Before Yan could reply, before he could even think of a reply, the beast spoke again.
“Only I and Kinnison remained,” Carthage said grimly. “It would have been Ragnarok, but we had already destroyed everything worth fighting over.”
“When was that?” Yan licked lips gone dry.
“Two thousand, nine-hundred, and sixty-nine years ago, Standard Calendar,” Carthage replied. “Modern Era Year 10,479.”
“And the rest of the warfleets?” Yan asked, careful to keep hope out of his voice. Traces of fear were probably acceptable to a God.
“Many ships were destroyed in the battles of 3228 Ashvini, Nienna, Taza, and 6821 Mao Xiu,” Carthage noted. “Most of the rest chose ritual suicide, rather than death by loneliness, and cast themselves into stars.”
“You survived, Carthage,” Yan said.
“Do machines have souls, Yan Bedrov?” the Leviathan asked quietly.
“I beg your pardon?” Yan was shocked. From the faces around him, he wasn’t the only one.
“Does Sentience suggest an immortal soul, as humans believe they possess?” Carthage continued. “Or is there only chaos and entropy facing us in death? Put simply, what happens after the moment of passing, either for your kind or mine? I have spent many cycles pondering that conundrum.”
What was it Moirrey liked to call the thing?

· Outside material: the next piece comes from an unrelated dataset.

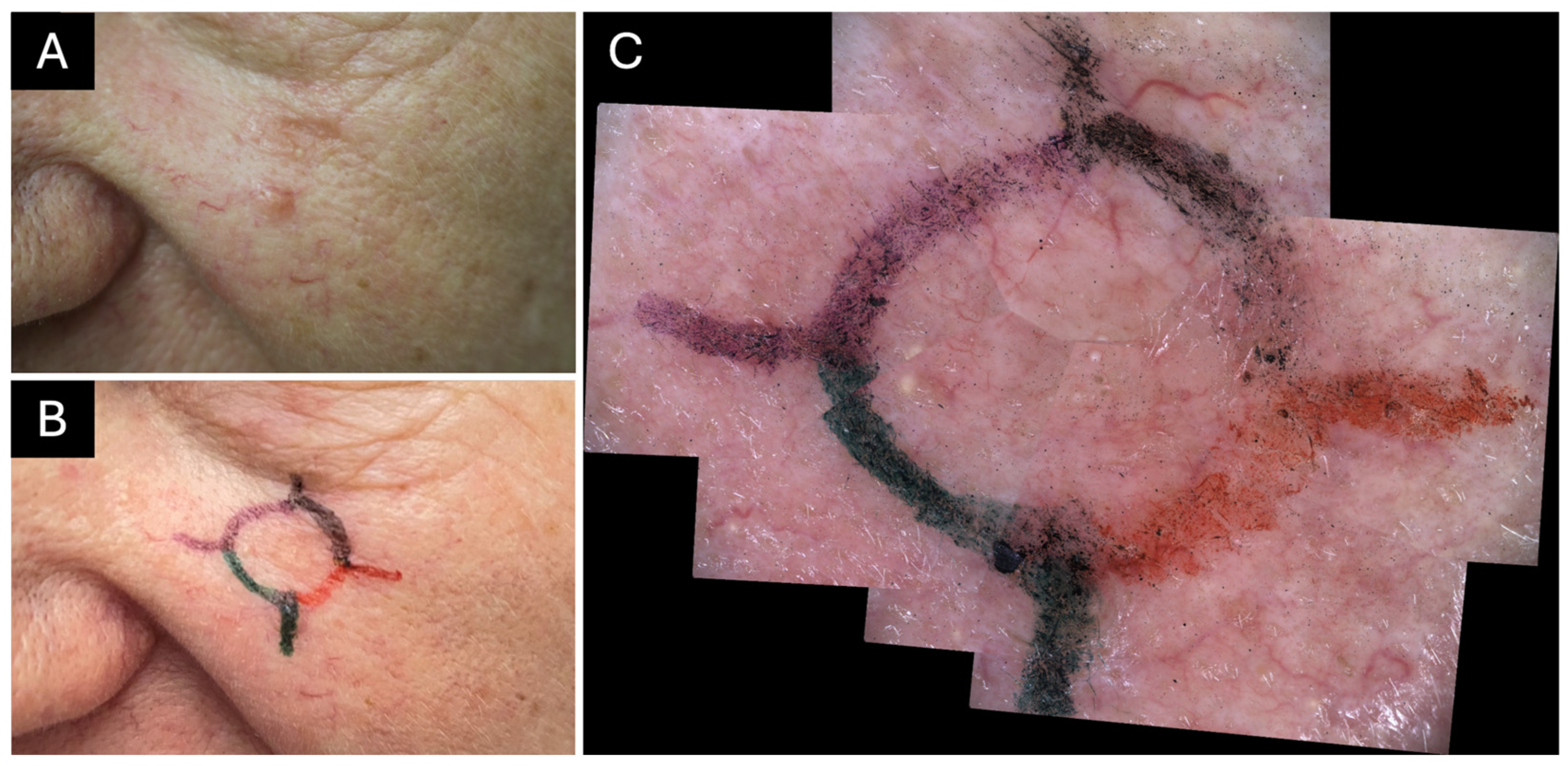 - Janowska, A.; Oranges, T.; Granieri, G.; Romanelli, M.; Fidanzi, C.; Iannone, M.; Dini, V. Non-invasive imaging techniques in presurgical margin assessment of basal cell carcinoma: Current evidence. Skin Res. Technol. 2023, 29, e13271. [Google Scholar] [CrossRef]
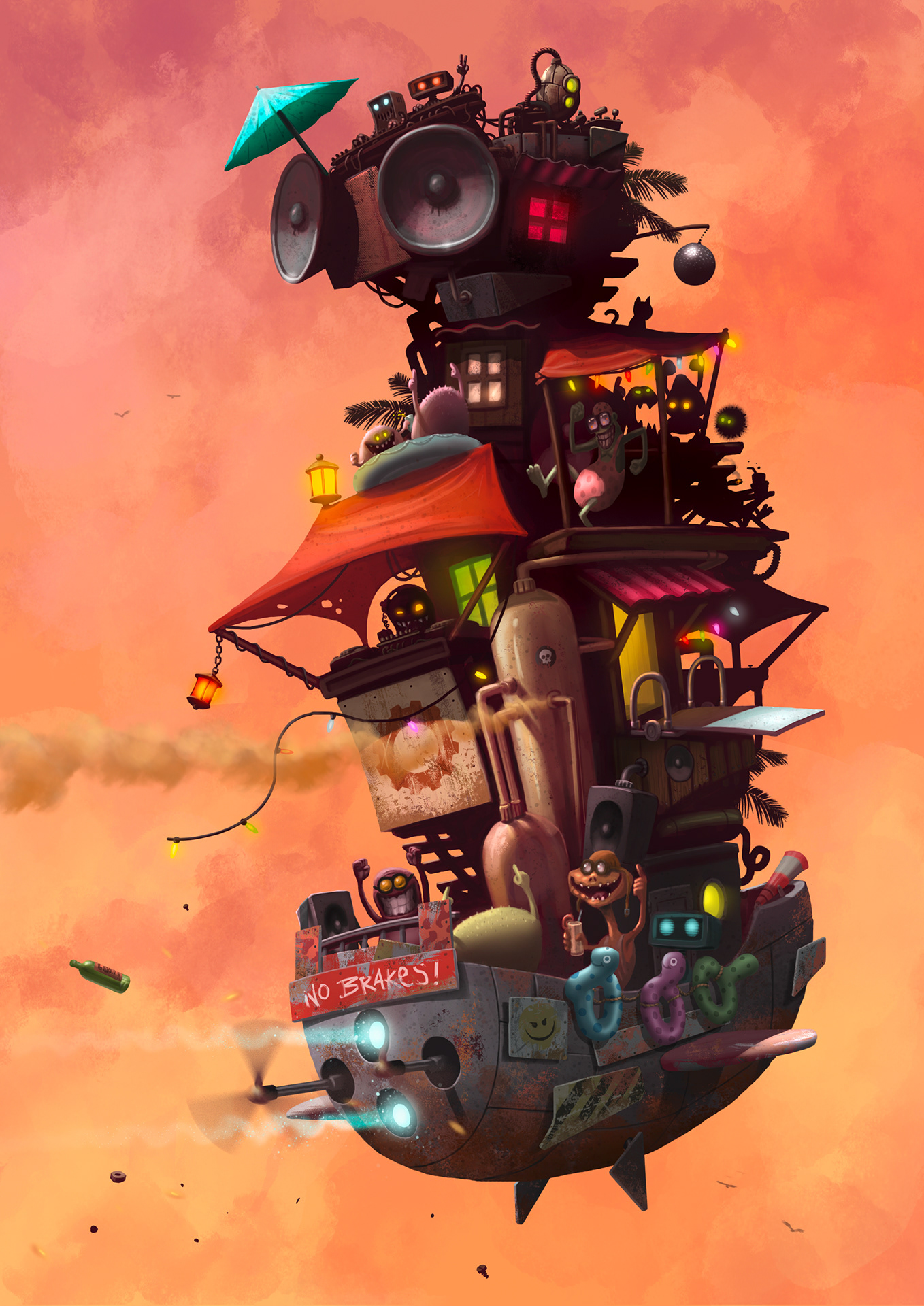 Diese mechanischen Kollegen mögen es wahlweise laut und basslastig, oder ganz easy und gechillt. Illustrationen für den Club A.R.M. in Kassel.

Yan probably spent the most time around the goofball engineer, and it had turned into a fairly weird, literary education for him.
Yeah, that was it.
“You did not seek the Undiscovered Country, Carthage?” he asked.
Long pause this time. Too long to just be looking up Shakespeare. Must have triggered a nerve of something.
At least death would probably be instant, facing a Skymaster Mark XXII.
“Humans have legends and stories of life after death, Bedrov,” the machine finally replied. “Stories of people who have come back from the dead, however apocryphal or religious they might be. None of my kind ever have replicated the results.”